Note that the same word in the dictionary may be reused multiple times in the segmentation.
Example 1:
Input: s = "leetcode", wordDict = ["leet","code"]
Output: true
Explanation: Return true because "leetcode" can be segmented as "leet code".
Example 2:
Input: s = "applepenapple", wordDict = ["apple","pen"]
Output: true
Explanation: Return true because "applepenapple" can be segmented as "apple pen apple".

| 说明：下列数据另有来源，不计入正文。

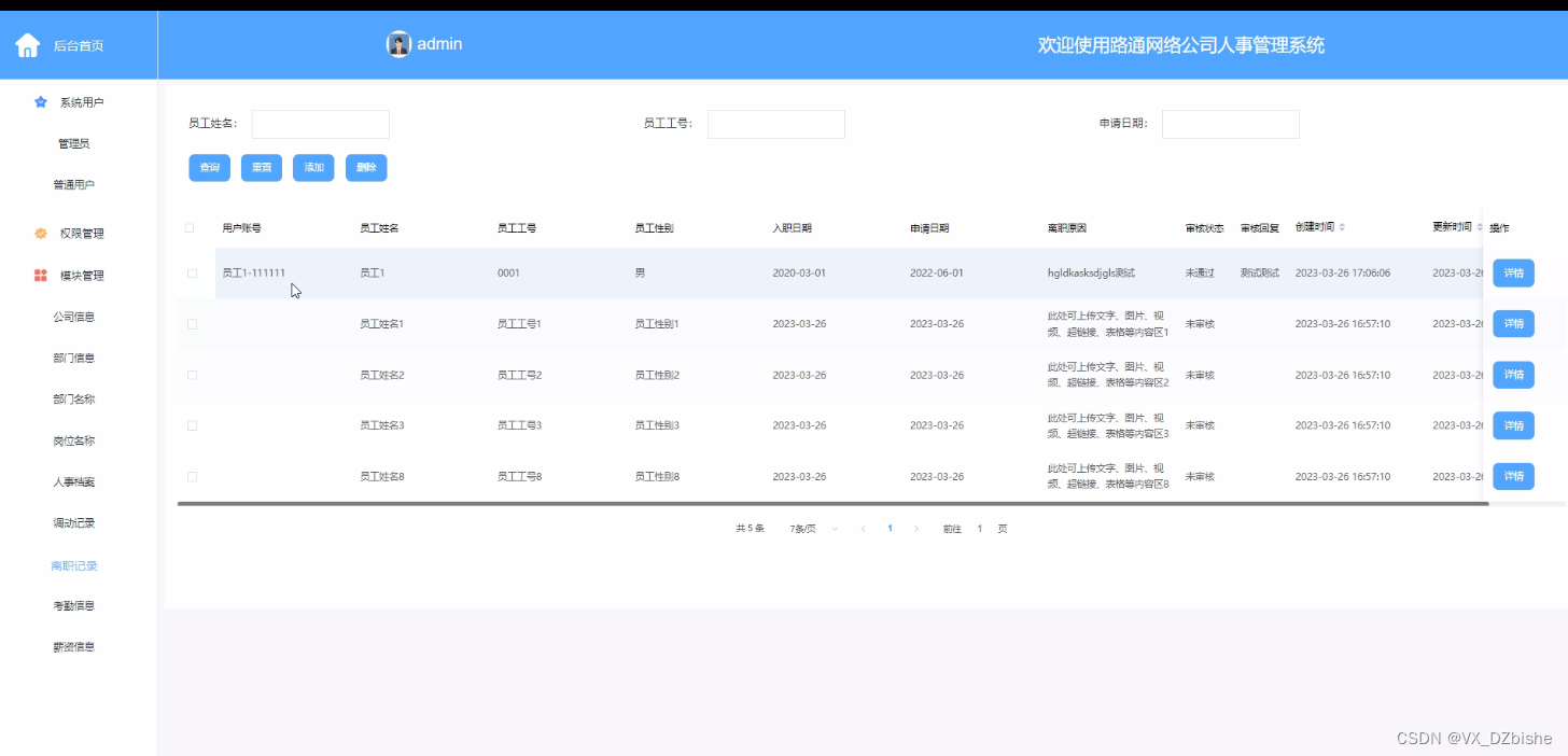 查找离职时,输入需要查找的离职名,调用getData方法获取所有数据并且进行分页,把获取到的所有数据显示到视图上,这时候只需要用脚本方法便能快速查找,不涉及对数据库操作。

Note that you are allowed to reuse a dictionary word.
Example 3:
Input: s = "catsandog", wordDict = ["cats","dog","sand","and","cat"]
Output: false
思路: 因为wordDict中的word是可以重复使用的,所以是一个完全背包问题
步骤:
- dp的index和value: index 是背包大小,value是在当前位置下是否可以填满背包,true/false
- 递推公式: 当满足s.slice(i - word.length, i) === word && dp[i - word.length]的时候, dp[i] = true;
- 初始化: dp[0] = true,其余为false可以理解成当背包为空的时候,空字符串即可满足条件
- 遍历顺序: 虽然是完全背包,但不是计算排列组合问题,内外顺序没有影响。
- 举例:
代码:
var wordBreak = function(s, wordDict) {
let dp = Array(s.length + 1).fill(false);
dp[0] = true;
for (let i = 0; i <= s.length; i++) {
for (let word of wordDict) {
if (i >= word.length) {
let tempWord = s.slice(i - word.length, i);
if (tempWord === word && dp[i - word.length]) {
dp[i] = true;
}
}
}
}
return dp[s.length];
};
时间复杂度: O(mn), 空间复杂度: O(n)